Os meus pesadelos. (escritos autobiográficos)

Busco ainda interpretação psicanalítica para meus pesadelos. Só pude interpretar perfeitamente um sonho, numa noite que sucedeu o dia em que tinha terminado de ler "mal estar na civilização". Foi perfeito: estava lá meu pai, minha mãe, mulheres nuas, vestidos vermelhos, salas vazias, livros velhos, crianças endiabradas, criados uniformizados... uma festa. Creio que sofri do que chamei de idealização do inconsciente (algo análogo à idealização do ego), isto é, meu inconsciente, vendo que os conceitos de Freud eram muito mais interessantes que o mais confuso e sujo dos meus segredos, simplesmente recriou aqueles símbolos, ordenadamente. É um pouco decepcionante, pois ninguém espera isso do inconsciente, esta subordinação e admiração total.

Na maioria das vezes não sonho, tenho só pesadelos (diria porque sonho já demasiadamente durante o dia, e meus pesadelos não são terríveis, quer dizer, mão são violentos, cruéis.
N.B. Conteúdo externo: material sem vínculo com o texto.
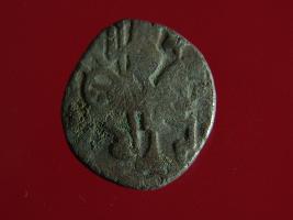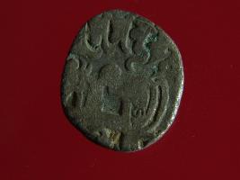| Description / विवरण | This is a copper coin with silver coating. The depression on obverse side depicts deity sitting on a horse and holding a spear in his right hand. On reverse side a bull in a sitting position. Shape is almost circular. Surface is smooth. Appearance is metallic bronze. |
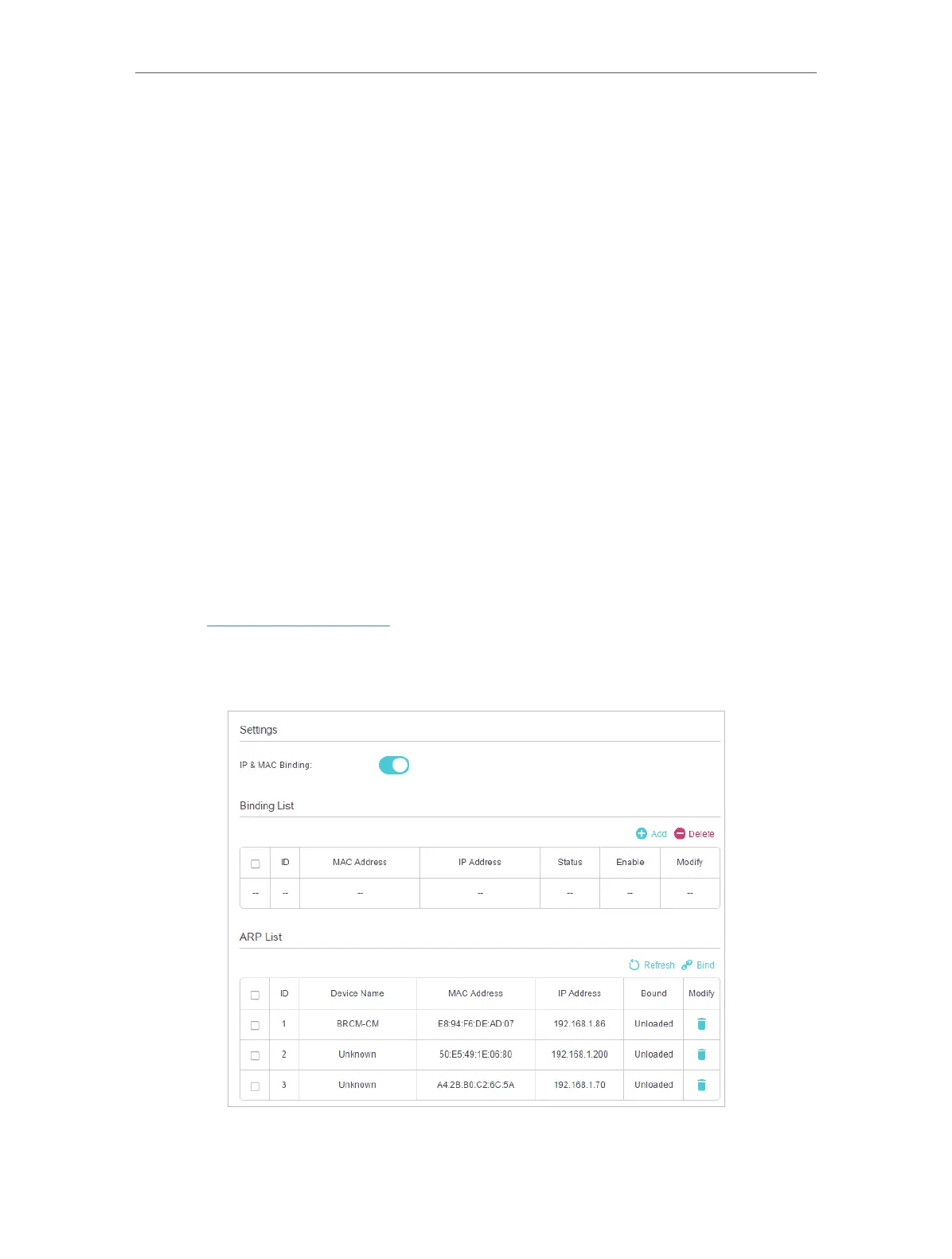 2. Go to Advanced > Security > IP & MAC Binding and enable IP & MAC Binding.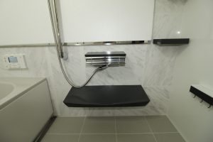 【ワイド浴槽(ベンチ付)】なので、ゆったり足を伸ばせる全身浴とベンチに腰掛けて半身浴も楽しめます。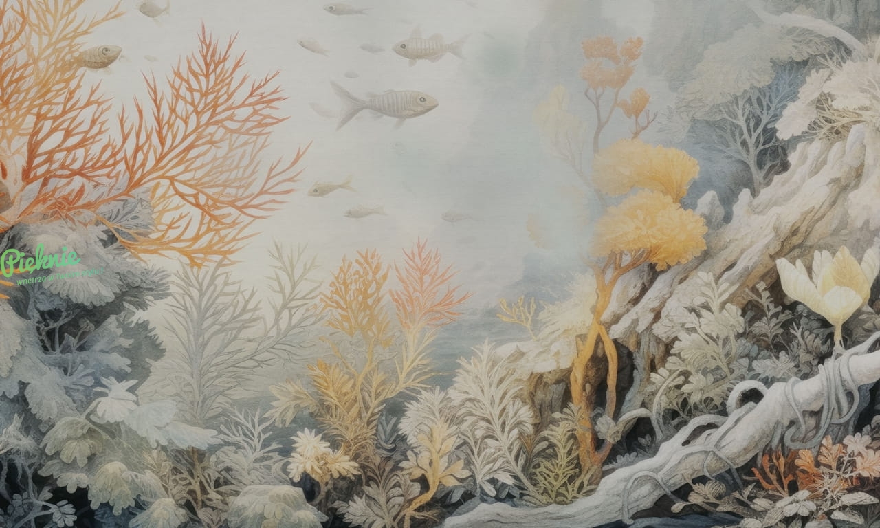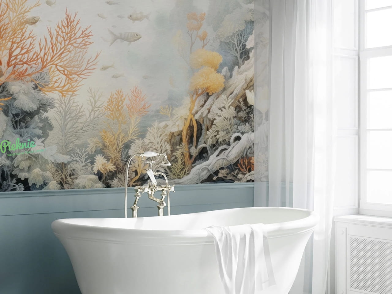 Corallium to wzór z motywem podwodnego świata. Dzięki zastosowaniu stonowanej, pastelowej kolorystyki, krajobraz z głębin ciepłego morza nie jest nachalny i w bardzo delikatny sposób wprowadzi do wnętrza spokój jaki daje obcowanie z podwodną naturą.

Normalmente, não riam, eles acontecem em agências bancárias, mas não presencio assaltos, não testemunho o drama de reféns caídos no chão. Meu drama é quase sempre o mesmo, tendo algumas variações de um dia para o outro.

Estou diante de um caixa eletrônico (um ATM), insiro meu cartão, e ao me pedirem a senha, eu digito normalmente só que ela é inválida (esta é a melhor síntese biográfica da minha vida e da de qualquer outra pessoa, estou convencido), e então para confirmar meus dados o computador me pergunta qual meu prato preferido, o nome do meu cachorro, minha cor preferida. Respondo todas essas perguntas uma atrás da outra até ficar extremamente angustiado com a situação. A cena se prolonga infinitamente, até eu acordar, como se as perguntas não acabassem.

Ontem, de novo, estava diante do caixa eletrônico, mas, (que surpresa!), digito a senha e ela funciona, para retirar vinte reais. Fico esperando o dinheiro vir, e como sempre faço na vida real, desejo que a máquina erre a contagem e me dê um bolo de dinheiro. Um dia poderia acontecer, acho.

o dinheiro saí e são quatro notas de cinqüenta reais. Meu desejo se realizou. Esta felicidade dura alguns instantes, mas logo vejo num extrato que surge na minha mão, que aquele dinheiro foi debitado na minha conta, e que estou negativo no banco.

Olho o ATM e há um relógio digital que marca os juros em dinheiro, a cada segundo, que devo por ter aquela dívida. E o número vai crescendo rapidamente até eu ficar bastante angustiado. Tento usar o telefone, e nada.

Acho que há alguma relação com a minha vida em geral, bastante na verdade. Mas não posso negar também que posso ver o pesadelo como uma não metáfora, já que tenho mesmo pavor viceral de caixas eletrônicos, e todos os outros procedimentos bancários possíveis.